* [What to do]: Retype exactly the span of lines below from the one with "روشن/خاموش خودکار و" through the one with "Баня на дровах". Do not include pictures.
[Information Boundary: Start]
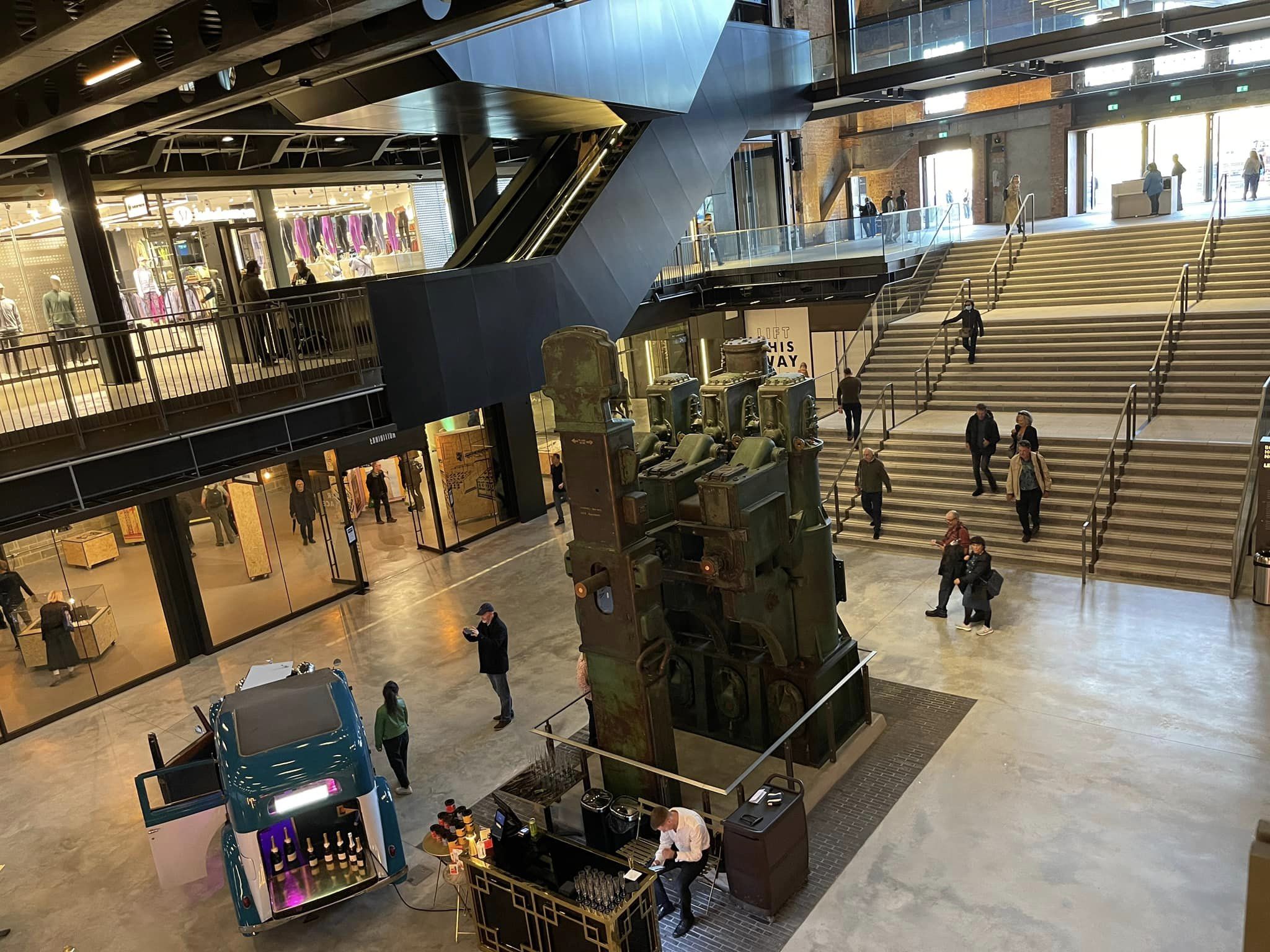 𝐵𝑎𝑡𝑒𝑟𝑠𝑒𝑎 𝑃𝑜𝑤𝑒𝑟 𝑆𝑡𝑎𝑡𝑖𝑜𝑛 работает всего две недели, есть еще много пустых помещений. Обещанный стеклянный лифт внутри заводской трубы пока не запустили, с него будет отличный вид на тумманный Альбион. А еще рядом стеклянно-модерновый арт-отель, офисы и квартиры в аренду.
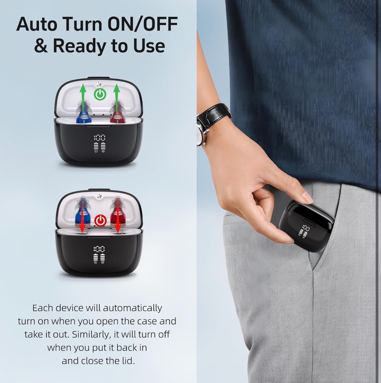 روشن/خاموش خودکار و تنظیم صدا: دستگاههای صوتی کاربرپسند دارای دکمههای سادهای برای تنظیم صدا هستند - دیگر نیازی به تنظیمات پیچیده نیست. دستگاه با باز کردن کیس و بیرون آوردن آن به طور خودکار روشن میشود. به طور مشابه، با قرار دادن مجدد آن در داخل و بستن درب، خاموش میشود. فقط دستگاه صوتی را روشن کنید و فوراً به مکالمات متصل شوید.
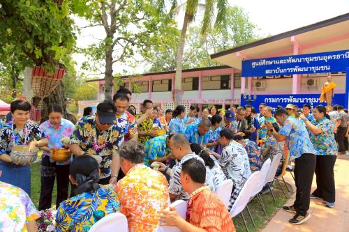 ทั้งนี้ นายพิสดาร ประดา ผู้ตรวจราชการกรม ปฏิบัติหน้าที่ผู้อำนวยการศูนย์ศึกษาและพัฒนาชุมชนอุดรธานี พร้อมด้วยผู้อำนวยการกลุ่มงานฯ และเจ้าหน้าที่ศูนย์ฯ ได้รับเกียรติจากอดีตผู้บริหารของกรมการพัฒนาชุมชน นายจิรศักดิ์ สีหามาตย์ อดีตรองผู้ว่าราชการจังหวัดขอนแก่น นายกัมปนาท จักราล วิเวศ ศรีพุทธา อดีตรองผู้ว่าราชการจังหวัดนครพนม นายทรงศักดิ์ คำมูล ข้าราชการบำนาญ เข้าร่วมกิจกรรมเพื่อให้พรแก่บุคลากรของกรมการพัฒนาชุมชน และแขกจากภาคส่วนประชาชน เครือข่ายโอทอป เครือข่ายโคกหนองนา
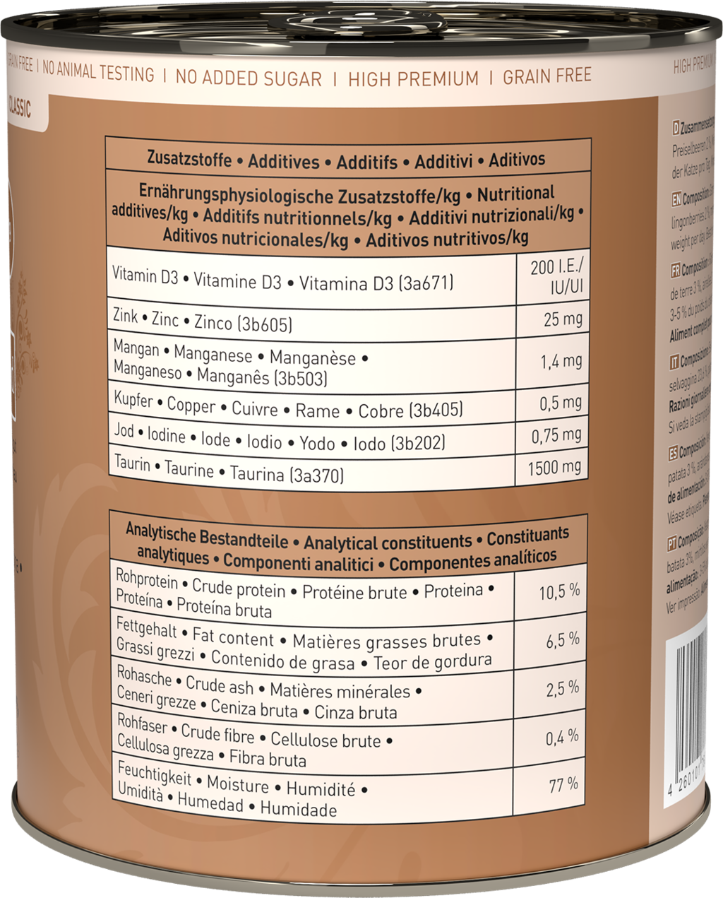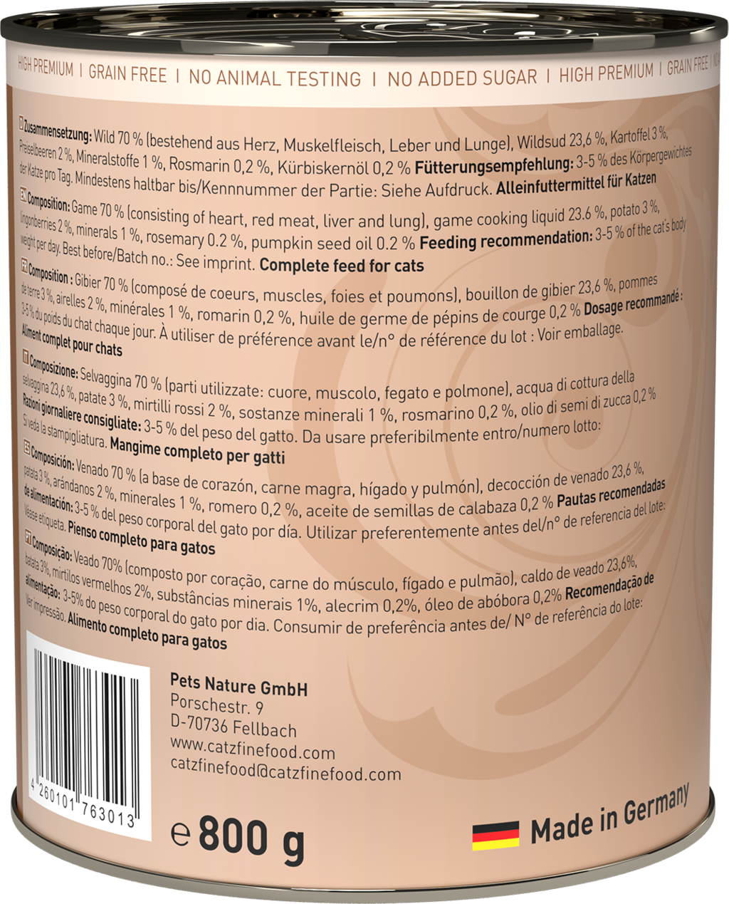 70 % Game (Heart, Muscle meat, Liver, Lung), 23,6 % Game broth, 3 % Potatoes, 2 % Cranberries, 1 % Minerals, 0,2 % Rosemary, 0,2 % Pumpkin seed oil
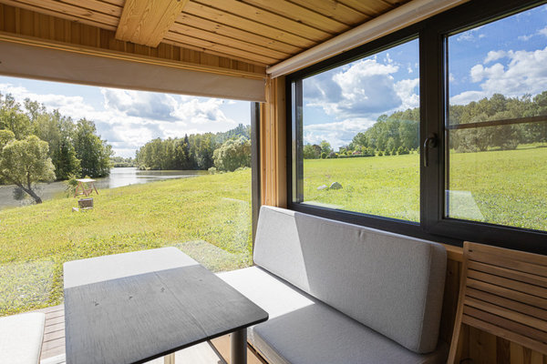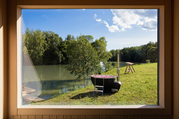 Баня на дровах с панорамным видом на реку, купель большая терраса с навесом, пирс с 2 лежаками, туалет и душ, комната отдыха, чайник, фен, халаты, косметика и мангал, чан за дополнительную плату.
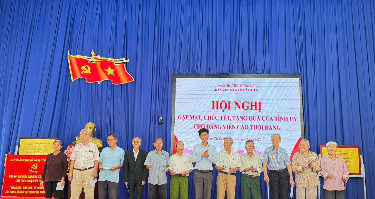 Tại hội nghị, Đảng ủy xã Nam Cát Tiên đã tổ chức trao 101 phần quà Tết tri ân đến các đảng viên có Huy hiệu Đảng từ 40 năm tuổi Đảng trở lên, thể hiện sự quan tâm, chăm lo của Đảng đối với các thế hệ đảng viên lão thành – những người đã có nhiều đóng góp cho sự nghiệp cách mạng của Đảng, của dân tộc và sự phát triển của địa phương.
[Information Boundary: End]
* [Your solution]:
 روشن/خاموش خودکار و تنظیم صدا: دستگاههای صوتی کاربرپسند دارای دکمههای سادهای برای تنظیم صدا هستند - دیگر نیازی به تنظیمات پیچیده نیست. دستگاه با باز کردن کیس و بیرون آوردن آن به طور خودکار روشن میشود. به طور مشابه، با قرار دادن مجدد آن در داخل و بستن درب، خاموش میشود. فقط دستگاه صوتی را روشن کنید و فوراً به مکالمات متصل شوید.
 ทั้งนี้ นายพิสดาร ประดา ผู้ตรวจราชการกรม ปฏิบัติหน้าที่ผู้อำนวยการศูนย์ศึกษาและพัฒนาชุมชนอุดรธานี พร้อมด้วยผู้อำนวยการกลุ่มงานฯ และเจ้าหน้าที่ศูนย์ฯ ได้รับเกียรติจากอดีตผู้บริหารของกรมการพัฒนาชุมชน นายจิรศักดิ์ สีหามาตย์ อดีตรองผู้ว่าราชการจังหวัดขอนแก่น นายกัมปนาท จักราล วิเวศ ศรีพุทธา อดีตรองผู้ว่าราชการจังหวัดนครพนม นายทรงศักดิ์ คำมูล ข้าราชการบำนาญ เข้าร่วมกิจกรรมเพื่อให้พรแก่บุคลากรของกรมการพัฒนาชุมชน และแขกจากภาคส่วนประชาชน เครือข่ายโอทอป เครือข่ายโคกหนองนา
 70 % Game (Heart, Muscle meat, Liver, Lung), 23,6 % Game broth, 3 % Potatoes, 2 % Cranberries, 1 % Minerals, 0,2 % Rosemary, 0,2 % Pumpkin seed oil
 Баня на дровах с панорамным видом на реку, купель большая терраса с навесом, пирс с 2 лежаками, туалет и душ, комната отдыха, чайник, фен, халаты, косметика и мангал, чан за дополнительную плату.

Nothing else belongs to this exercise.